Market Damages, Efficient Contracting and the Economic Waste Fallacy
is the title of a new paper by Alan Schwartz and Robert E. Scott (Columbia) posted on SSRN. Here's the paper and here's the abstract:
Market damages - the difference between
the market price for goods or services at the time of breach and the
contract price - are the best default rule whenever parties trade in
thick markets: they induce parties to contract efficiently and to trade
if and only if trade is efficient, and they do not create ex ante
inefficiencies. Courts commonly overlook these virtues, however, when
promisors offer a set of services some of which are not separately
priced. For example, a promisor may agree to pay royalties on a mining
lease and later to restore the promisee's property. In these cases,
courts compare the cost to the promisor of providing the service that
was not supplied to the increase in the market value of the
promisee/buyer's property had the promisor/seller performed. When the
cost of completion is large relative to the "market delta"- the
increase in market value - courts concerned to avoid "economic waste"
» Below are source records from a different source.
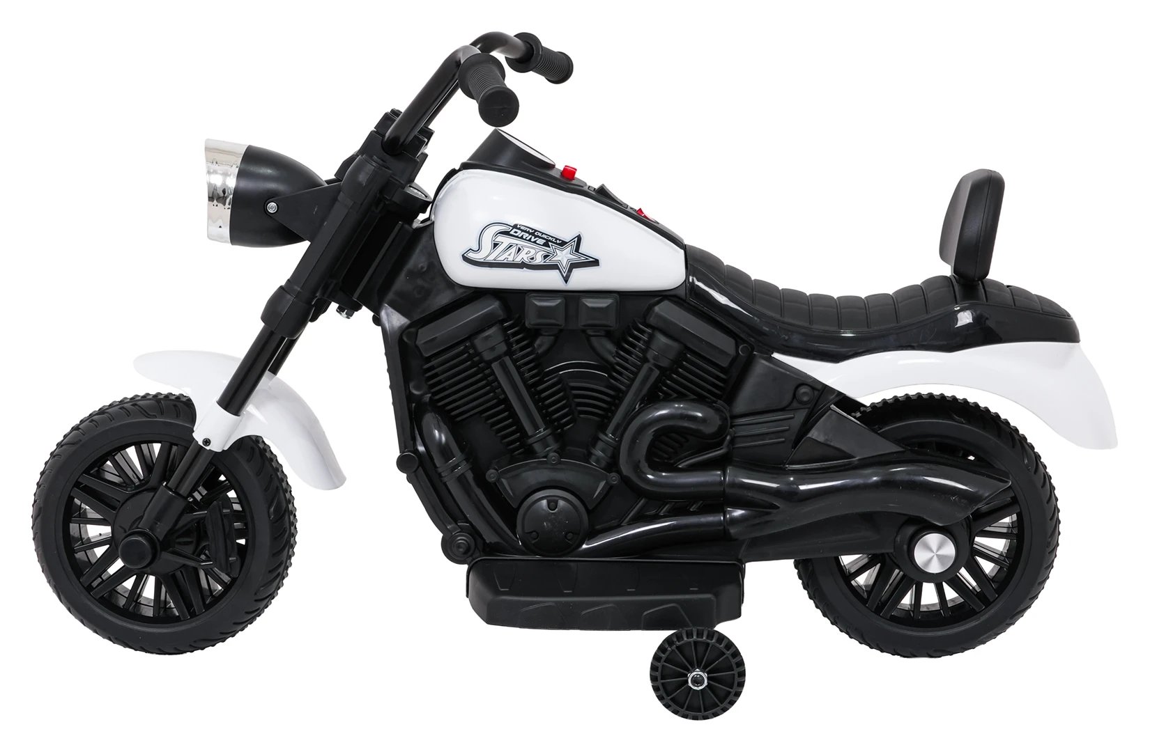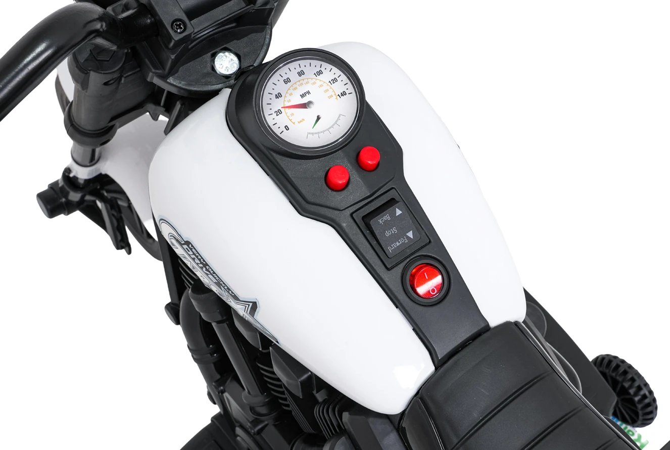 Motor STAR v bílé barvě od značky Ramiz je dětské elektrické vozítko navržené pro zábavnou jízdu s důrazem na jednoduché ovládání a viditelné prvky. O pohon se stará motor o výkonu 30 W napájený akumulátorem 6 V 4,5 Ah. Díky režimu pomalého startu se motorka rozjíždí plynule, což přispívá k pohodlnému zážitku z jízdy. Směr jízdy lze volit vpřed i vzad.
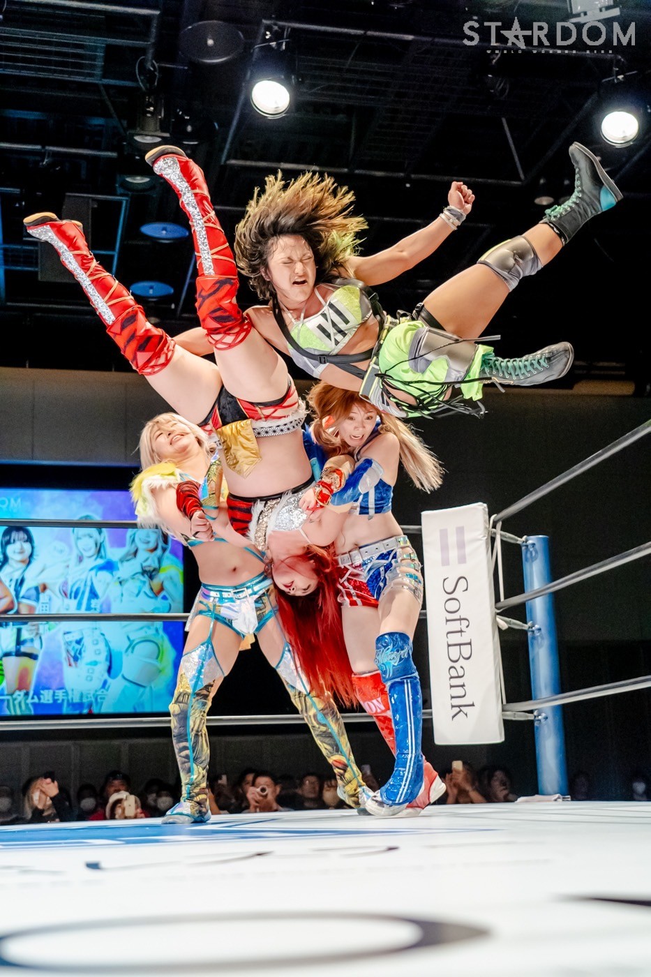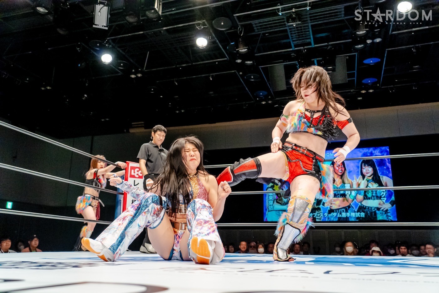 ゴング前に葉月とコグマが奇襲攻撃。エルボー連打からロープに振るが、鈴季組がエプロンに出てロープを引く。鈴季と星来で葉月を捕らえてダブルで攻撃。星来は葉月にヘアーホイップ。葉月をコーナーに追い込み、星来が至近距離からドロップキックを連打。鈴季が葉月にエルボー、中央にもっていきカバー。葉月が返すと、鈴季はエルボー連打。鈴季は「(葉月は)いいですね、応援されて」とサッカーボールキック。星来が葉月に突進するとコグマが乱入し連係攻撃。葉月が星来に顔面ウォッシュ、ボディースラム。コグマが星来の腹部を踏みつけフットスタンプ。星来が返すと、クロスボディーアタック。鈴季がコグマに串刺しエルボーアタック、串刺しニーアタック。葉月がカットしコグマとクローズライン、鈴季がかわしてスピアを叩き込む。コグマと鈴季がエルボーの打ち合い。鈴季の一発でコグマがダウン。しかしコグマがバックを取り丸め込む。コグマは2人を鉢合わせにしてフェースクラッシャー。鈴季が返すと、コグマがエルボー連打。鈴季もやり返しエルボーの応酬。葉月と鈴季もエルボーの打ち合い。葉月がDDT、コーナーに上がると鈴季がデッドリードライブ狙い。葉月が立ち上がりコードブレイカー、雪崩式ブレーンバスターの構え。鈴季が切り返し反転、雪崩式フランケンシュタイナー。葉月が二段蹴り、鈴季がジャーマン。両者がヘッドバットでダウン。
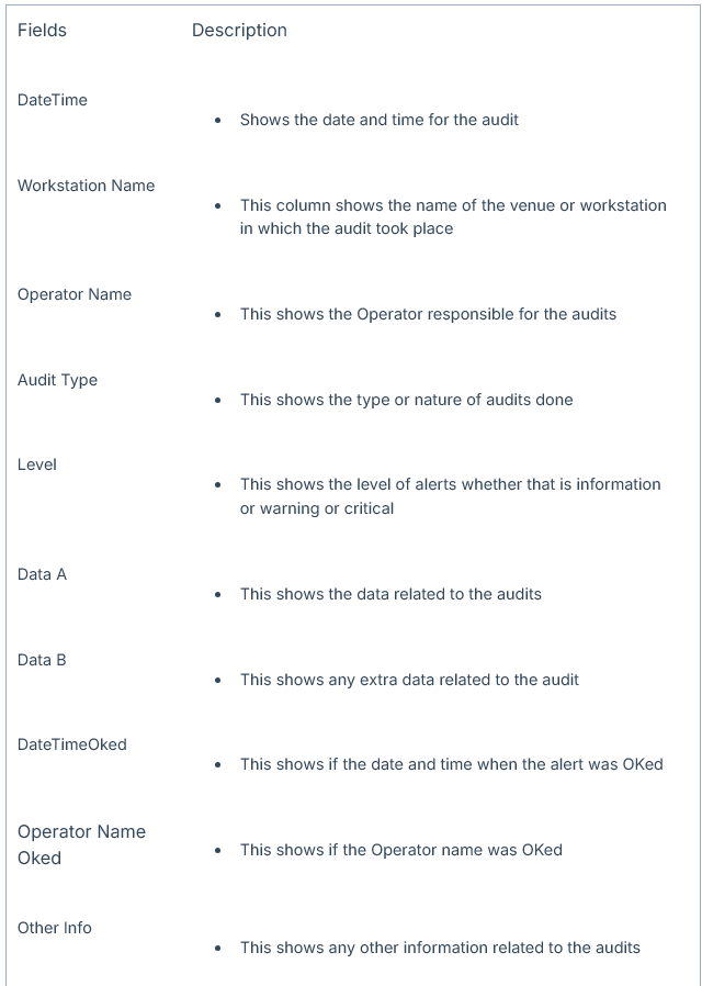- Audit Data A, Audit Data B, and Audit Other Info can be configured via BackOffice and Custom Audits can also be maintained
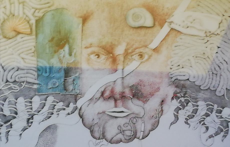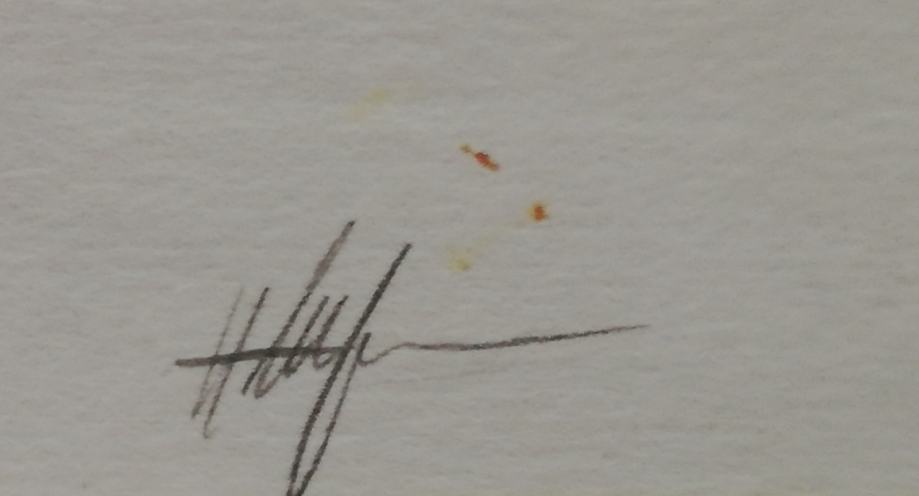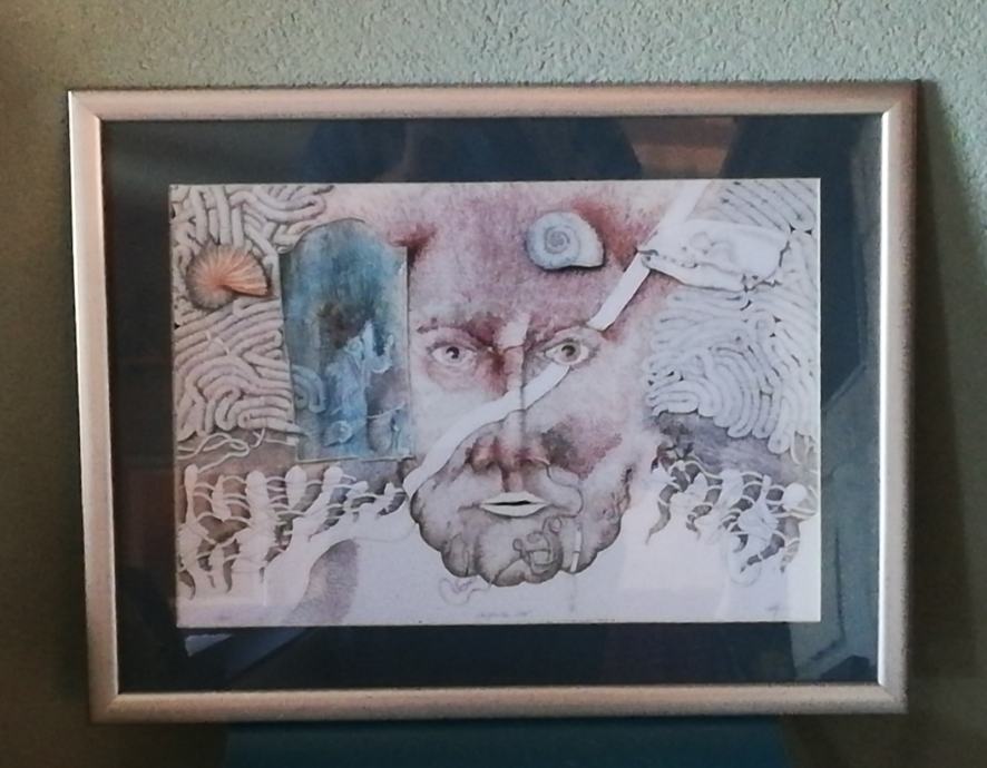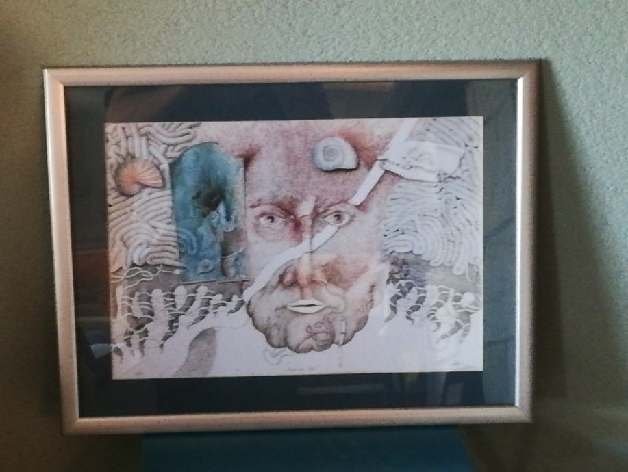 Razmišljanje, potpisana, kombinirana tehnika, dimenzije 56,8 x 43,4 cm, širina okvira 2,4 cm, širina paspatua 3,8 cm.

limit the buyer to the market value increase. This concern is
misguided. Since the buyer commonly prepays for the service at the ex
ante market price, a cost of completion award actually has a
restitution element - the prepaid price - and an expectation interest
element - the market damages. The failure to recognize the joint nature
of cost of completion damages causes courts to deny these damages more
frequently than they should. In this paper, we argue that the
unappreciated virtues of market based damages justify removing the
courts' discretion to deny them no matter how high they appear to be.
The rule that denies buyers market damages induces excessive entry into
these service markets. Moreover, buyers are under-compensated when they
prepay and cannot recover the price paid for the breached services but
instead are restricted to the market delta. As a result, too few buyers
contract ex ante for the relevant service and surplus maximizing
contracts are forgone. Finally, sellers often can take actions in the
interim between making the contract and the time for performance of the
service that would reduce the service cost to manageable proportions.
Sellers are less likely to take these precautions if they are required
to pay buyers only the market delta rather than the full performance
cost that their actions could have avoided.